Even with 5 or 7 degrees celsius warming there's still a lot of habitable land. The main concern is that agricultural capacity will be lower overall. This will disproportionately impact poorer countries that have less resources to do things like improve irrigation infrastructure, or set up large thermonuclear desalination plants to cope with lower water supply.

Don't put this on the people in power, it's people in general who refuse to accept responsibility or change.
Power comes with responsibility that the powerless do not necessarily assume.
People in power do and believe what they are told to do and believe. For evidence see the iraq war, the war on terror, etc.

It's on the people in power. If they wanted, they could use the resources at their disposal (media, etc) to change people's opinions almost over-night.

The way they did after 9/11.

It is absolutely on them; and on no one else.

Agreed, particularly in the U.S.

It's very unlikely that Biden will take significantly more steps to deal with climate change than Trump will.

The political will to deal with climate change simply isn't there; it would piss off too many lobbyists.

Poor timing for the publication of this report, to be honest.
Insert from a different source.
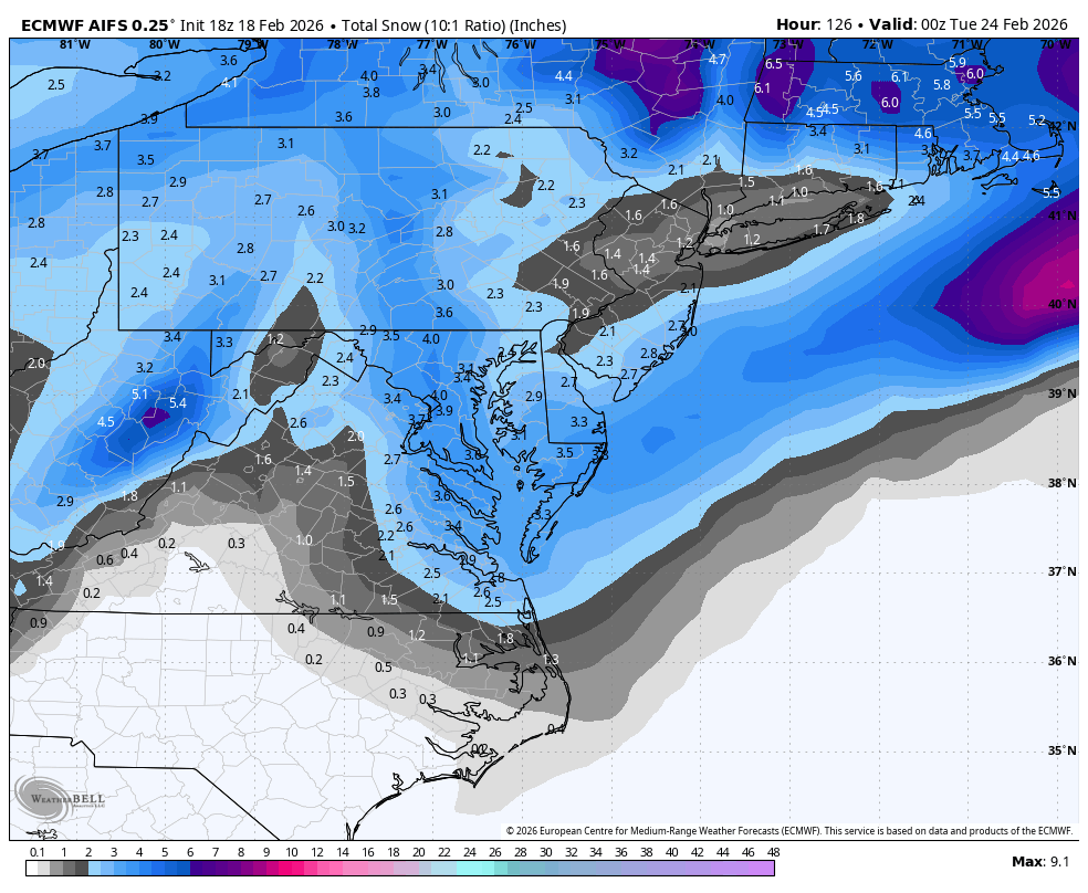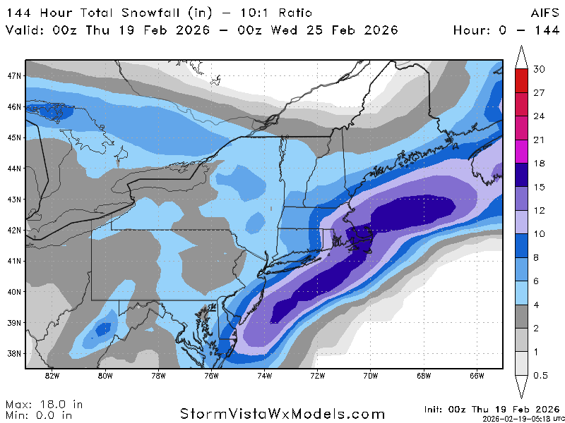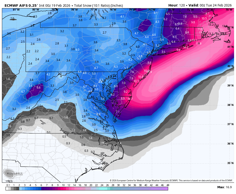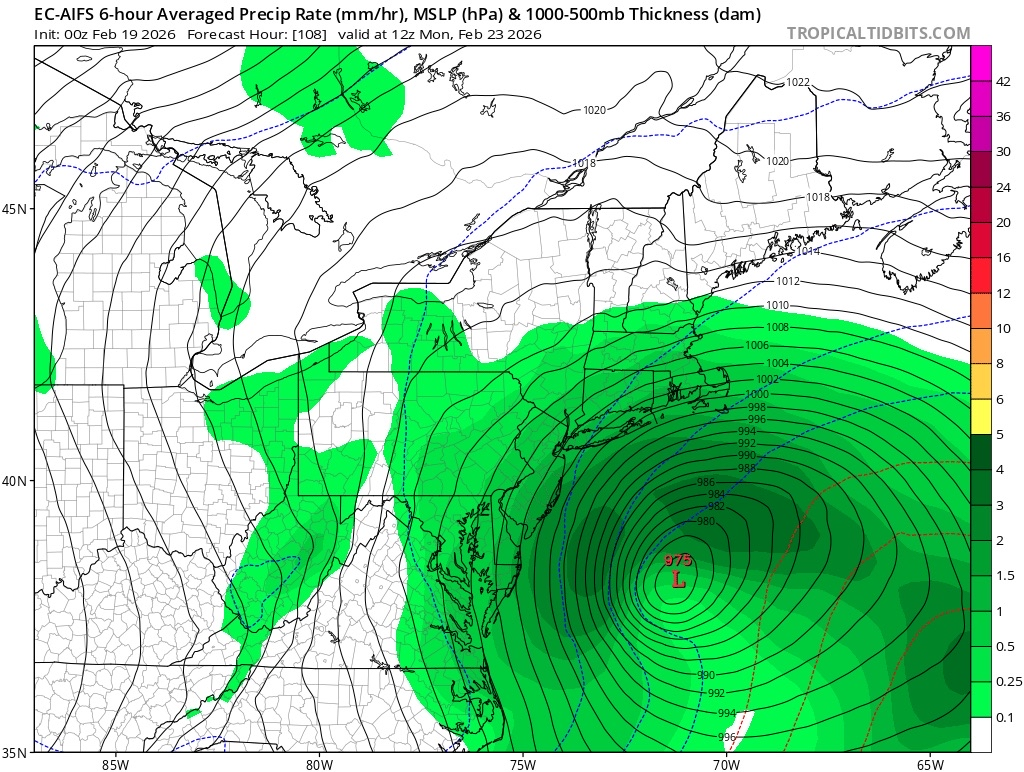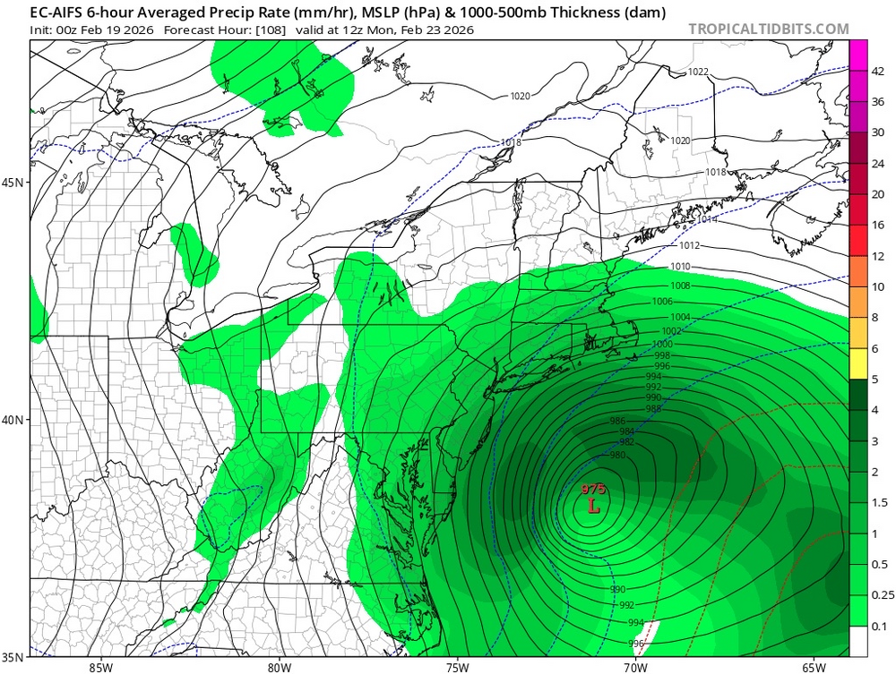 The big takeaway of the Euro AI is that, while snowfall isn't great, Boston gets a blizzard. That means the synoptics are MUCH BETTER.

People have finite emotional capacity for dealing with stress/threats. Most people right now, with the coronavirus going, probably don't have the energy to spend on caring about this, so instead they'll just detach from it (I know that's what I find myself doing). Waiting a month or two would've likely meant a stronger impact.
People have been ignoring it for decades now, and it's not going to change due to another UN report regardless of timing. Everyone wants the upper middle class US lifestyle, and the future will have to pay for it.
If they did the report, it's because they hoped to make an impact. All I'm suggesting is that whatever impact they were hoping to make, it could've been larger with better timing. Your defeatism has no relevance to that question one way or the other.
Don't worry, we'll still be "way off track" in two months, and we can bang the drum again then.

It is a drum that needs a lot of banging.
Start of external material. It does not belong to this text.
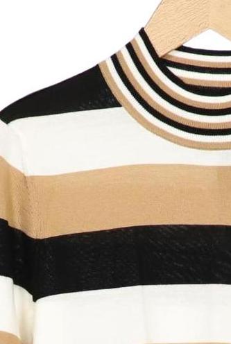 | Détails | Grosse maille, Manches courtes, Col roulé, Rayures |

The slowing of economic activity from Covid-19 is going to make it possible to test many climate and environmental models in ways climate-modelers couldn't have dreamed up six months ago. It is possible that Covid-19 will teach our present generations a lot about collective global action. The novel coronavirus is small potatoes in magnitude relative to the impact of climate change, but the timescale makes Covid-19 far more acute.

I don't want to be pessimistic, but I'm working on the assumption that we won't (collectively) enact any plan that (requires coordinated sacrifice of multiple countries) but (allows some country to gain economic / military advantage by gaming the system at others' expense).

So I'm assuming that it's smartest to assume climate change will happen without significant mitigation, and try to minimize the suffering that results.

Now that I think about it, this reminds me a lot of our response to covid-19: I always assumed people lacked the political will for real containment, and we should focus our efforts on "flatting the curve" instead.

Planet is doing all right. It has just started to fight back with locust, coronavirus, Lassa fever and everything else that's coming soon.

With a few billion people gone the climate changes will quickly revert itself.